*TASK DETAILS*:
Your task is to transcribe all the entries exactly, excluding pictures.
Segment Open
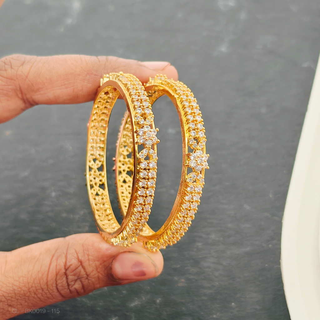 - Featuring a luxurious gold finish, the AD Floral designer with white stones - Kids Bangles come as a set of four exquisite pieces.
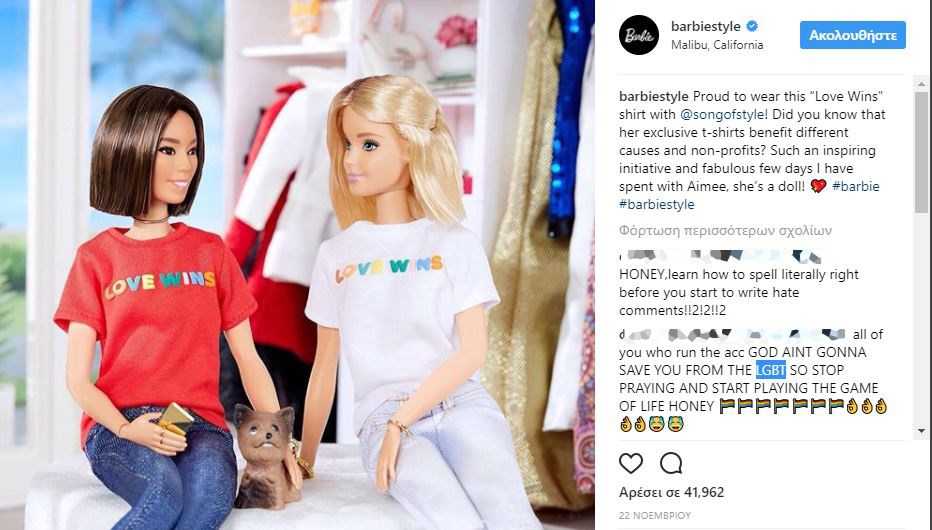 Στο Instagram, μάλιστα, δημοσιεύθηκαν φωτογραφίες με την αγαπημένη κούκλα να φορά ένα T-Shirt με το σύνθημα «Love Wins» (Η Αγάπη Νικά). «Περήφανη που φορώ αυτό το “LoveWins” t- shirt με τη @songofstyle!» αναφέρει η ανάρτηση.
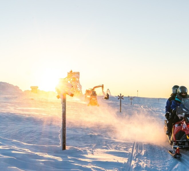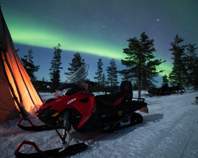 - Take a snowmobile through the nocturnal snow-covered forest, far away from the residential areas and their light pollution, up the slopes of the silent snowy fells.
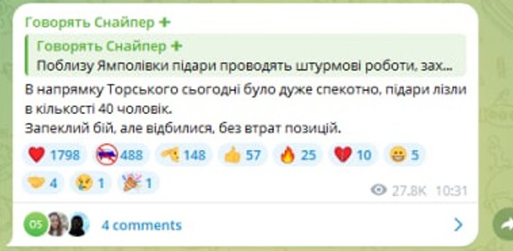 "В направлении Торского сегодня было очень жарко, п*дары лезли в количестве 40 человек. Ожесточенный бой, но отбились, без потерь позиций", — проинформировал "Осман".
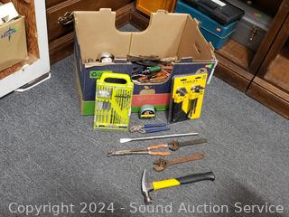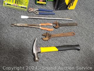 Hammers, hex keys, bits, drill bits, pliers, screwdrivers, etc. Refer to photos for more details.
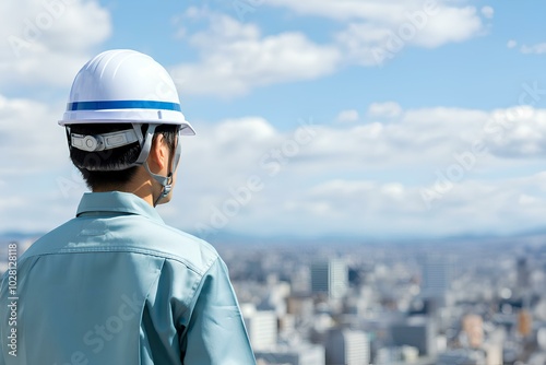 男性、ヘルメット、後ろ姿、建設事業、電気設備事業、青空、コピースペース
Segment Closed
*REPLY*:
 - Featuring a luxurious gold finish, the AD Floral designer with white stones - Kids Bangles come as a set of four exquisite pieces.
 Στο Instagram, μάλιστα, δημοσιεύθηκαν φωτογραφίες με την αγαπημένη κούκλα να φορά ένα T-Shirt με το σύνθημα «Love Wins» (Η Αγάπη Νικά). «Περήφανη που φορώ αυτό το “LoveWins” t- shirt με τη @songofstyle!» αναφέρει η ανάρτηση.
 - Take a snowmobile through the nocturnal snow-covered forest, far away from the residential areas and their light pollution, up the slopes of the silent snowy fells.
 "В направлении Торского сегодня было очень жарко, п*дары лезли в количестве 40 человек. Ожесточенный бой, но отбились, без потерь позиций", — проинформировал "Осман".
 Hammers, hex keys, bits, drill bits, pliers, screwdrivers, etc. Refer to photos for more details.
 男性、ヘルメット、後ろ姿、建設事業、電気設備事業、青空、コピースペース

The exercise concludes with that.